Let's use the differentiability formulas to find the derivative of the function $$f(x)=(2x+1)^3$$.

\begin{align}\dfrac{df}{dx}&=\dfrac{d}{dx}(2x+1)^3\\&=\dfrac{d}{dx}(8x^3+12x^2+6x+1)\\&=24x^2+24x+6\\&=6(2x+1)^2\end{align}

## Why Limit Is Important to Know If the Function Is Differentiable Or Not?

Do you know there is an alternative way to determine if a function $$f(x)$$ is differentiable using the limits?

A function $$f(x)$$ is differentiable at the point $$x=a$$ if the following limit exists.

 $\lim_{h\rightarrow 0}\dfrac{f(c+h)-f(c)}{h}$

Example

Consider the absolute value function given by $$f(x)=|x|$$.

The graph of the function is shown below.

We will determine if this function is differentiable at $$c=0$$ or not.

Let's find the limit \begin{align}\lim_{h\rightarrow 0}\dfrac{f(c+h)-f(c)}{h}\end{align}.

\begin{align}\lim_{h\rightarrow 0}\dfrac{f(c+h)-f(c)}{h}&=\lim_{h\rightarrow 0}\dfrac{f(0+h)-f(0)}{h}\\&=\lim_{h\rightarrow 0}\dfrac{|h|-|0|}{h}\\&=\lim_{h\rightarrow 0}\dfrac{|h|}{h}\end{align}

What happens when $$h$$ approaches 0 from left?

Let's see the behavior of the function as  $$h$$ becomes closer to 0 from the negative $$x$$ axis.

\begin{align}\lim_{h\rightarrow 0^{-}}\dfrac{|h|}{h}&=\lim_{h\rightarrow 0}\dfrac{-h}{h}\\&=-1\end{align}

What happens when $$h$$ approaches 0 from right?

Now, let's see the behavior of the function as  $$h$$ becomes closer to 0 from the positive $$x$$ axis.

\begin{align}\lim_{h\rightarrow 0^{+}}\dfrac{|h|}{h}&=\lim_{h\rightarrow 0}\dfrac{h}{h}\\&=1\end{align}

Did you observe that limits are different?

This means that the limit \begin{align}\lim_{h\rightarrow 0}\dfrac{f(c+h)-f(c)}{h}\end{align} does not exists at $$c=0$$ for $$f(x)=|x|$$.

This implies that the absolute value function $$f(x)=|x|$$ is not differentiable at $$x=0$$.

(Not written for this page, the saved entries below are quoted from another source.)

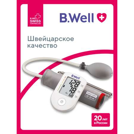 Тонометр B.Well PRO-30прибор для измерения артериального давления на плечевой зоне. Индикатор аритмии помогает выявить нарушения сердечного ритма на ранней стадии. Если во время измерения артериального давления тонометр обнаруживает нестабильность пульса и распознает аритмию, он отображает на дисплее специальный символ. Технология B.Well выявляет самые первые признаки аритмии, позволяя вовремя обратиться к специалисту и предупредить зарождающиеся заболевания сердца. Конусная манжета. Гарантирует комфортное и точное измерение. Анатомическая конусная манжета B.Well идеально облегает руку, равномерно распределяет давление воздуха, обеспечивает безболезненное измерение. Манжета удобна для самостоятельного измерения: конусная форма, специальное металлическое кольцо, широкая застежка позволят легко надеть ее даже одной рукой. Съемный чехол манжеты. Очистить манжету можно легко и просто благодаря съемному чехлу, который допускает стирку. Цветная шкала уровня давления. Подскажет уровень измеренного давления по классификации Европейского общества гипертонии (ESH). Компактный размер. Прибор удобно использовать дома и просто взять с собой. Прочный и удобный нагнетатель для впуска и выпуска. Большой трехстрочный дисплей. Память последнего измерения. Индикатор разряда батареи. Автоматическое отключение.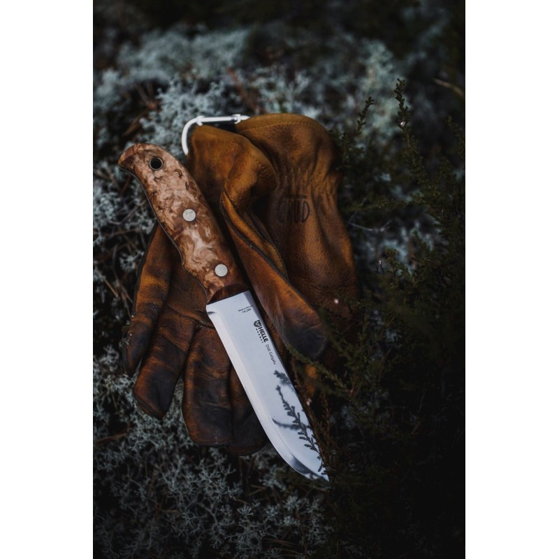 The polished 14C28N stainless steel blade features a 90° spine for ferro rod striking and is ground in a classic Scandinavian style. At 3 mm thick, the full-tang construction ensures strength for chopping while remaining precise for carving. The contoured curly birch handle offers a secure grip for medium to large hands and is fixed with brass rivets and a lanyard hole.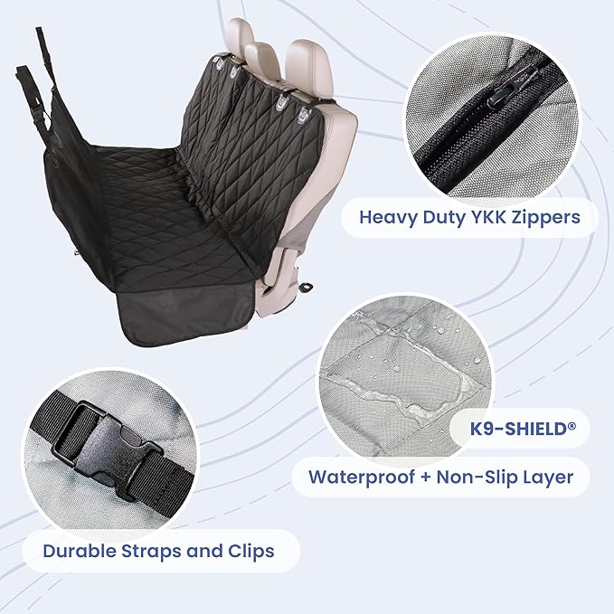 - ADVANCED WATERPROOF PROTECTION: Featuring exclusive K9-Shield waterproof technology, this dog hammock for trucks and large SUVs protects your car from spills, dirt, and drool. The non-slip backing keeps the cover securely in place, even with active pets. Please note that the seams are not watertight, but it provides reliable protection.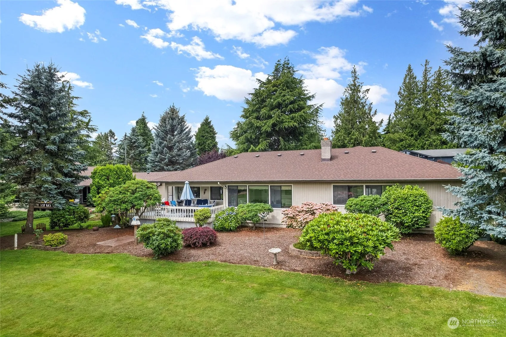 1886 sq ft one level home with 768 3-car attached garage on Fairway #9 at Skagit Golf and Country Club. Three bedroom home with 2 1/2 baths and great floor plan enjoys large windows, tons of natural light and golf course access and viewing pleasure. Abundant cabinets and counter tops in kitchen plus eating space along with a formal dining area. Enjoy sun and shade on great entertaining deck. Primary bedroom with walk-in closet, 3/4 bath and golf course view. 8-yr old roof, 3 yr old gas furnace. Large garage has plenty of room for the hobbyist, autos, golf cart and storage. Low maintenance landscaping includes a gazebo, vegetable garden and mature plantings.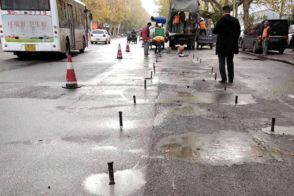 施工流程:管线探测仪探测道路及管线情况→注浆前弯沉检测→根据设计图纸编制专项施工方案→孔位布置→钻机开孔→注浆平台注浆→观察控制路面抬高→封堵冒浆孔→封孔→养生→雷达、弯沉检测→验收。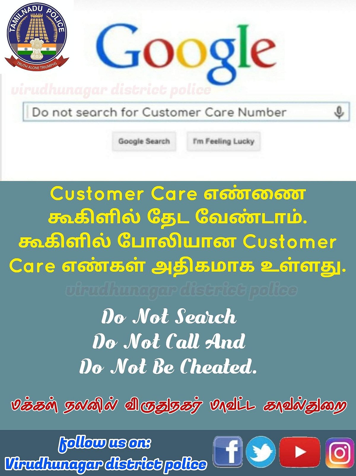 எந்த ஒரு நிறுவனத்தின் வாடிக்கையாளர் சேவை எண்ணையும் கூகுளில் தேட வேண்டாம் என்று காவல்துறை தரப்பில் எச்சரிக்கை விடுக்கப்பட்டுள்ளது.
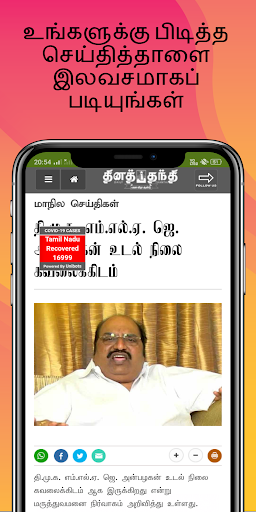 With a single tap, you can load your favorite Tamil newspapers from all Tamil newspaper apps and share with your friends and family or you can even share this app with your Facebook friends.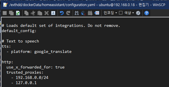 | Docker로 설치시 바로 설치화면으로 들어가지지 않고, 위와 같이 "400 error" 또는 "127.0.0.1 invalid 등의 내용이 나올 경우 Config 폴더 -> configuration.yaml 파일에 아래 내용을 추가해 주시면 됩니다. http: use_x_forwarded_for: true trusted_proxies: - 192.168.0.0/24 - 127.0.0.1 ![]() Config 폴더의 경우 위 도커에서 설정한 ex)"/exthdd/dockerData/homeassistant:/config" 위치로 가시면 됩니다. |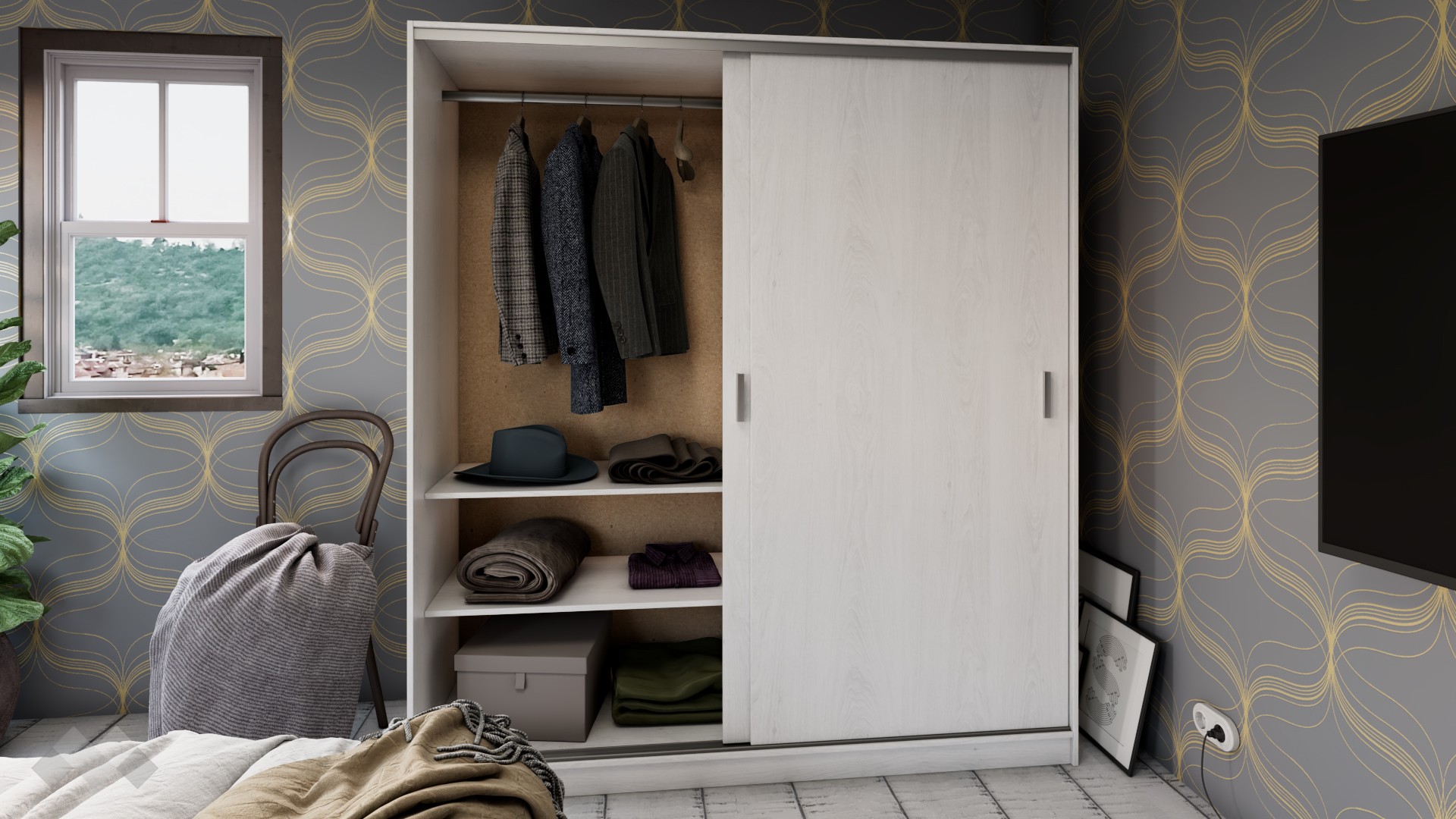 Гардероб Арго е перфектното решение за любителите на мебели със семпъл и изчистен дизайн. Със своите плъзгащи врати и практично вътрешно разпределение, той напълно отговаря на съвременните изисквания за съхранение на дрехи.

What Is the Difference Between Differentiable and Continuous Function?

We say that a function is continuous at a point if its graph is unbroken at that point.

A differentiable function is always a continuous function but a continuous function is not necessarily differentiable.

Example

We already discussed the differentiability of the absolute value function.

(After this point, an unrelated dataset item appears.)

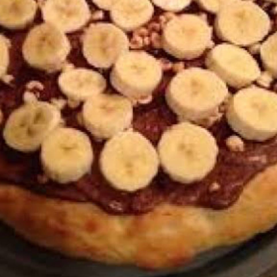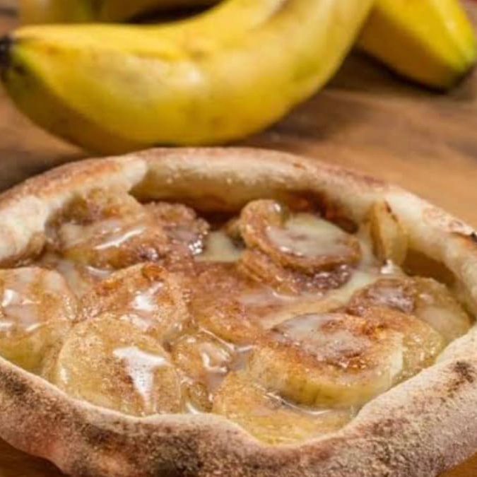 Pizza Doce Premium! Feita com Chocolate Branco, Creme de Leite, Leite Condensado e Banana! A Pizza é Flambada e fica M A R A V I L H O S A!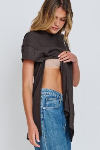 Franca Textured Side-Wrap Tunic Tee – Gunmetal

By looking at the graph of the function can you check if there is any point of discontinuity?

Clearly, there are no breaks in the graph.

The function is continuous everywhere.

Particularly, the function is continuous at $$x=0$$ but not differentiable at $$x=0$$.

Explore the continuity and differentiability of a function using the simulation given below.

Important Notes
1. Differentiable functions are those functions whose derivatives exist.

2. If a function is differentiable, then it is continuous.

3. If a function is continuous, then it is not necessarily differentiable.

4. The graph of a differentiable function does not have breaks, corners, or cusps.

## Solved Examples

Let's look at a few differentiability problems.

 Example 1

Ms. Amy asked her students to find out where the given function is not differentiable using graph and limit definition.

Can you determine the required point?

Solution

Let's look at the graph of the function $$f(x)=|x+2|$$.

Clearly, there is a sharp corner at point $$x=-2$$.

The function is not differentiable at $$x=-2$$.

Now, let's use the limit definition of differentiable functions.

We already observed that the limits are different. \begin{align}\lim_{h\rightarrow 0}\dfrac{f(c+h)-f(c)}{h}&=\lim_{h\rightarrow 0}\dfrac{f(-2+h)-f(-2)}{h}\\&=\lim_{h\rightarrow 0}\dfrac{|h|-0}{h}\\&=\lim_{h\rightarrow 0}\dfrac{|h|}{h}\end{align}

This means that the limit \begin{align}\lim_{h\rightarrow 0}\dfrac{f(c+h)-f(c)}{h}\end{align} does not exists at $$c=-2$$ for $$f(x)=|x+2|$$.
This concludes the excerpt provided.